Underlying mechanisms of the effect of minocycline against Candida albicans biofilms

Abstract

Minocycline (MH) is a broad-spectrum antimicrobial agent and semisynthetic tetracycline derivative, which has been widely used in the clinic due to its efficacy. Having the strongest anti-microbial effect, MH exceeded the traditional scope of antibiotics and its previously unknown antifungal activity is also gradually being discovered. To preliminarily investigate the inhibitory effect of MH on Candida albicans (C. albicans), changes of cell growth, hyphal formation and transition, biofilm production and signaling pathway gene expression of C. albicans in the presence of MH were assessed in the present study. An XTT reduction assay was performed to quantitatively detect the metabolic activity of biofilms and evaluate the inhibition of MH on this. The results suggested that biofilm formation was clearly inhibited by 67% (P<0.0001) in the presence of 250 µg/ml MH, while mature biofilms were not significantly affected. In addition, MH inhibited the transition from yeast to hypha in a dose-dependent manner. Furthermore, reverse transcription-quantitative PCR revealed that several hyphae- and adhesion-specific genes associated with the Ras/cyclic (c)AMP/protein kinase A (PKA) pathway were differentially expressed following MH treatment, including downregulation of ras family GTPase (RAS1), adenylyl cyclase-associated protein 1 (CAP1), thiamin pyrophosphokinase 1 (TPK1), adenylate cyclase (CDC35), transcription factor (TEC1), agglutinin-like protein 3 (ALS3) and hyphal wall protein 1 (HWP1) and upregulation of EFG1 (enhanced filamentous growth protein 1 gene) and PDE2 (high-affinity phosphodiesterase gene). The most obviously changed genes were TPK1, HWP1 and RAS1, downregulated by 0.33-, 0.48- and 0.55-fold, respectively. It was suggested that MH is associated with alterations in the morphology of C. albicans, such as the repression of hypha and biofilm formation of cells, and MH affected the Ras/cAMP pathway to regulate the expression of cAMP-associated genes.

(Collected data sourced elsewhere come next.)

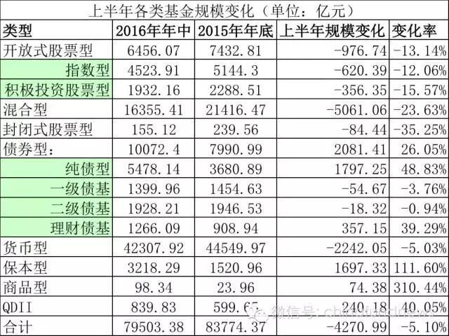 从各类型基金上半年规模变化看,债券型基金和保本型基金表现最为抢眼,两类基金分别增长2081亿元和1697亿元,增幅分别达26%和111.6%,也就是说,上半年保本基金规模增长了1倍多。QDII基金规模增长也比较显著。而缩水最冥想的当属混合型基金,上半年混合基金净值减少超过5000亿元,缩水比例达23.63%。打新基金成为了缩水重灾区。
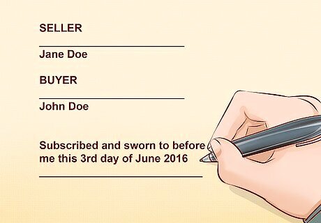 Include a signature block. At the end of the contract, there should be a place for both buyer and seller to print and sign their names. Some parties have a notary public present at the signing of the contract in order to witness their signatures. A notary public is usually available at your local bank, courthouse, or title insurance company. However, most states do not require that a notary public notarize a real estate contract.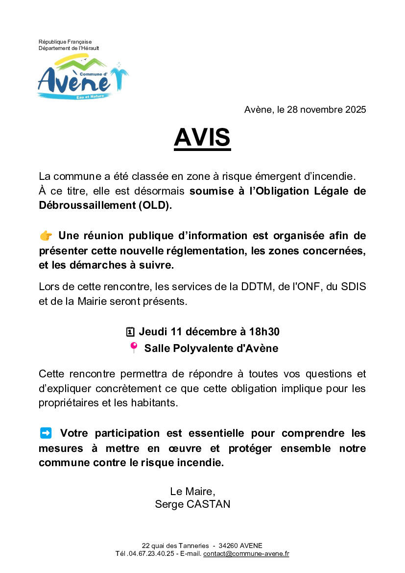 IMPORTANT : réunion Obligation Légale de Débroussaillement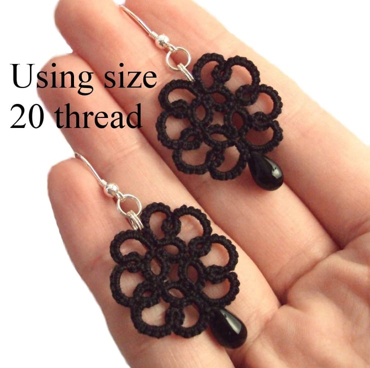 Difficulty level: Intermediate. Instructions are for size 10 thread. You can also use this pattern to make earrings in size 20 thread.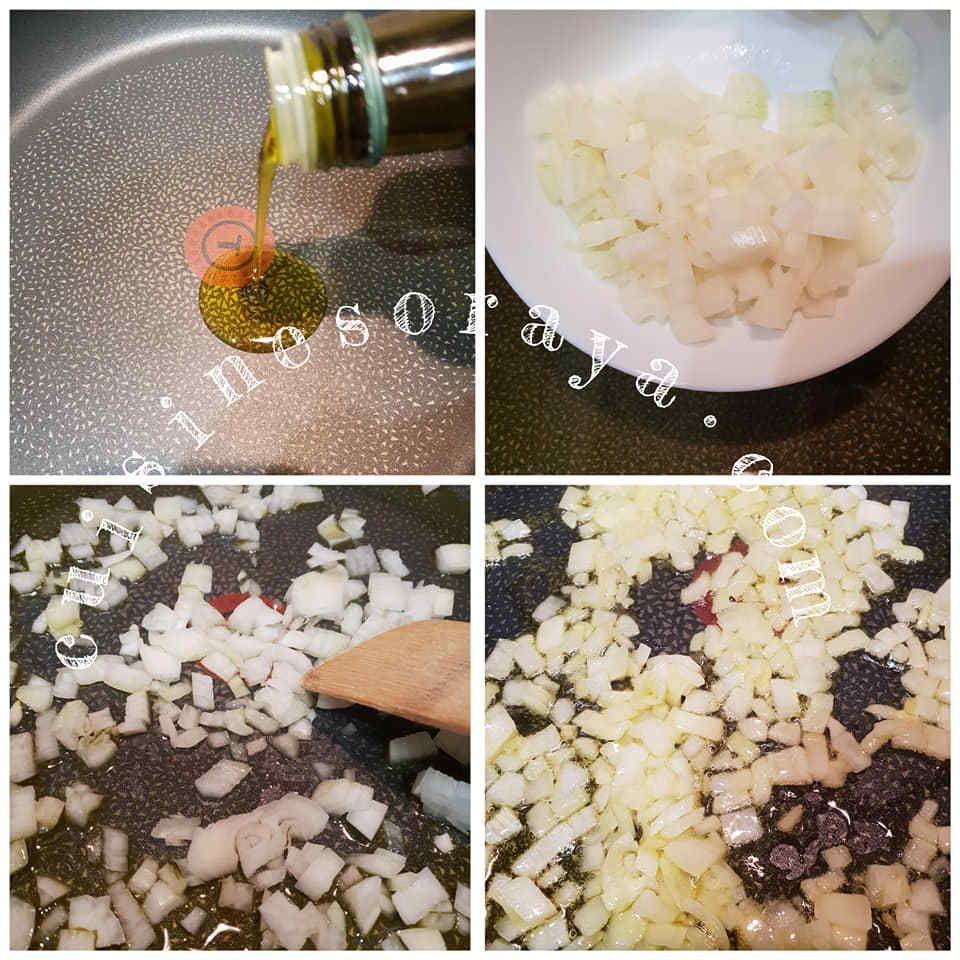 – Dans une poêle, mettre de l'huile d'olive, faire revenir les oignons. Réserver.

Keywords: Candida albicans; anti-biofilm; antifungal activity; minocycline; morphology.

Figure 1

Antifungal effects of 4 TE derivatives. MH had a marked antifungal activity against C. albicans and DO had a slight antifungal activity against C. albicans, while TE and TGC had no antifungal activity. TE, tetracycline; MH, minocycline; DO, doxycycline; C. albicans, Candida albicans; TGC, tigecycline.

Figure 2

Effects of different concentrations of MH on fungal cell growth of the Candida albicans strain ATCC 90028. ^*P<0.05; ^**P<0.01. OD, optical density; MH, minocycline.

Figure 3

(A) Effects of MH on hyphal formation in C. albicans. Cells (1x10⁶ cells/ml) were grown in Spider or RPMI 1640 media supplemented with 20% FBS. Photomicrographs of C. albicans ATCC 90028 grown at 37˚C for 4 h. MH had an obvious trend to inhibit filamentous growth as compared with cells incubated in drug-free medium (magnification, x400). (B) The hyphae rate was counted in a minimum of 200 cells from each sample following 4 h of cultivation. The results indicated that MH was able to inhibit hyphae formation at all concentrations, with the effects of 125 and 250 µg/ml MH being most significant. ^**P<0.01; ^***P<0.001 vs. control. MH, minocycline; C. albicans, Candida albicans; FBS, fetal bovine serum.

Figure 4

(A) Light microscopy images of biofilm formation and mature biofilm. With the increase in the MH concentration, the inhibition of biofilm formation was more obvious. At 250 µg/ml MH, there was a marked decrease in the density of biofilms. By contrast, in the presence of MH, mature biofilms exhibited no changes obvious changes observed by standard light microscopy (magnification, x1,000) (B) Effects of MH on biofilm formation and mature biofilms. MH inhibited C. albicans biofilm formation in vitro. Biofilm inhibition was evaluated using an XTT reduction assay and the results are presented as the percentage of MH-treated biofilms relative to control biofilms that were formed without drug treatment. ^****P<0.0001 and ^***P<0.001 vs. control. MH, minocycline; C. albicans, Candida albicans.

Figure 5

Gene expression levels in the C. albicans strain ATCC 90028. Fold change values of the expression of each target gene are shown relative to the values of the control group containing untreated C. albicans. The housekeeping gene ACT1 was used as an internal reference gene. The expression level of each target gene in the MH-free sample was set as 1.^**P<0.01; ^***P<0.001. C. albicans, Candida albicans; MH, minocycline.